God Made His Own Enemy

Christians want to claim the biblical god is omniscient.   As in, he sees past, present and future.   What this tells me, and why I think it makes him a malignant, sadistic monster–

Before he made Lucifer he knew Lucifer would become Satan, and he knew some of his angels would follow Satan, and yet he made Lucifer anyway.  He made his own enemy, knowing ahead of time he was doing it.  He even made hell as a place to put his enemy in.  This tells me Satan is not really God’s enemy but working for God, serving some purpose for God–an enemy created for a reason.

We are supposed to hate and oppose Satan.  And yet God put Satan here–God created Satan.  Why?  To trip us up?  To cause us to fall and thus be then at God’s mercy generation after generation, each generation inheriting the sin of doing something God set us up to do in the first place knowing ahead of time we’d do it–making Satan and putting us in close proximity to Satan so for sure we’d do it?

Before God made Adam and Eve he knew where Satan was, knew what Satan would do, knew what his newborn and ignorant human creations would do should they come face to face with Satan.  Knowing this, God did it anyway.  He put those child-like gullible naive humans in close proximity with the enemy he, God, had created, knowing what would happen before it did.

And as he knew and planned for it to, it did happen.  Then God punished his creation for doing what he put them in close proximity to Satan to do, just as he punished Lucifer for doing what he had been made to do.

The first batch of humans God made became so corrupt God decided to send a flood to purge the earth of the corruption and start over again?  If God knows the future he knew before he made Adam and Eve that the first batch of humans would be too corrupt, and yet he made them anyway, deliberately, and then regretted making them.  As if a being who can see the future could “regret” anything.   Actually a mass genocide was part of God’s divine plan.  He absolutely intended for his first batch of humans to be corrupt so he could destroy not only all human life, but all life on the planet and start over.

Why do this?  Why not make humans right in the first place?  What did making a corrupt first batch of humans, and then destroying them and starting over, accomplish?   What other “good” did sparing Noah’s family but killing all other life accomplish?  Unless this God specifically enjoys genocide–enjoys torturing and killing his creations.

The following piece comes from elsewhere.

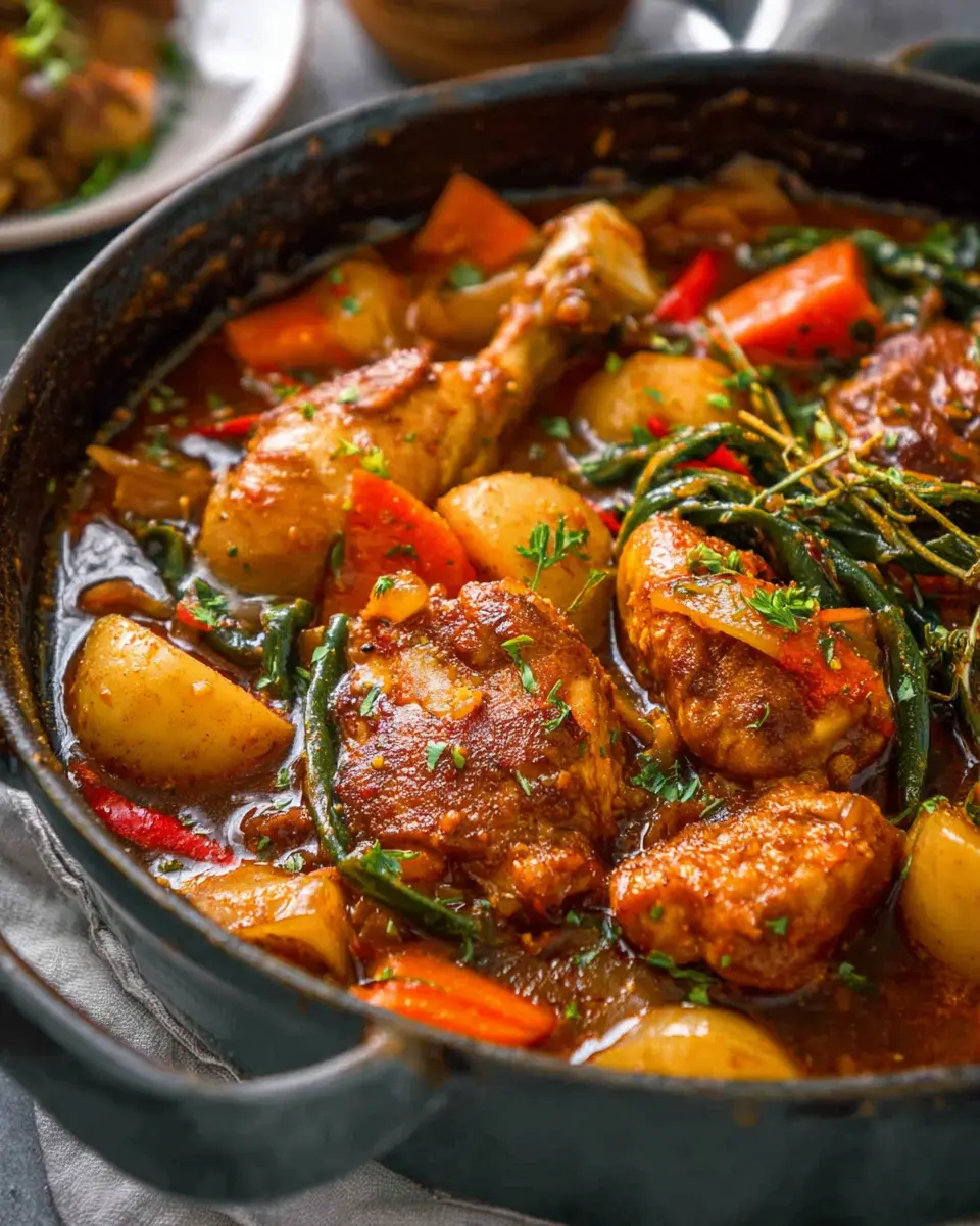 For a luxuriously rich chicken stew, consider making it creamy! Stir in a splash of heavy cream or coconut milk in the last few minutes of cooking for that silky texture. The added creaminess balances the savory flavors and makes every bite comforting. Top with fresh herbs for a pop of color and freshness. It’s the perfect variation for a cozy evening!

All those animals and sea-life that died and insect life that died…were they corrupt?  Why did they have to die?  Could they help it that they were born at the same time as a bunch of humans God made knowing they’d become corrupt?  Why flood the earth?  Why wipe out everything?  If God is all powerful he could have simply caused all the humans he deliberately made knowing he’d end up killing them, to drop dead from heart attacks.    Or just with a thought–make them all cease to exist.  Why the flood?  Why the mass genocide of all life, not just human life?   And how can a omniscient God “regret” anything?   It was all a part of his plan–his divine plan.  Which means his plan is perfect.

I could go on with this but I won’t.  My point is the creator of evil made evil for a reason.  The first batch of humans would not have been corrupt at all if Lucifer had never been made.  And yet he was made.  God made his own enemy.  God put dumb humans in close proximity with his enemy knowing what would happen.   God made humans knowing very soon he’d have to purge the earth–kill all life–because those humans would be corrupt.

How can it be called free will when we are made by a creator who wants us to fail?  Who put his enemy on this earth to not only make us fail, but to force us to have to grovel and beg for salvation?   How can it be free will when God knows before he makes us, which of us are destined for heaven or hell?   Do we who are destined for hell have any way to change his mind?  Change the perfect divine plan?   Over the last 30 years while I worked and struggled to believe something illogical, love a God despite what the bible told me about him, God knew up there in heaven–knew all my struggling was in vain and that in the end I would roast in hell.  Even though I spend half my life trying to be good enough to be one of his saved.

It’s like putting a carrot in front of a starving horse and saying “if you pull this plow another foot you’ll get this reward,” so the horse pulls hard, body trembling, one foot and then another, but always that carrot is swinging just out of reach…until one day the horse just gives up and drops in his traces; then the last words he hears before his farmer shoots him in the head is, “I always knew you’d fail me.”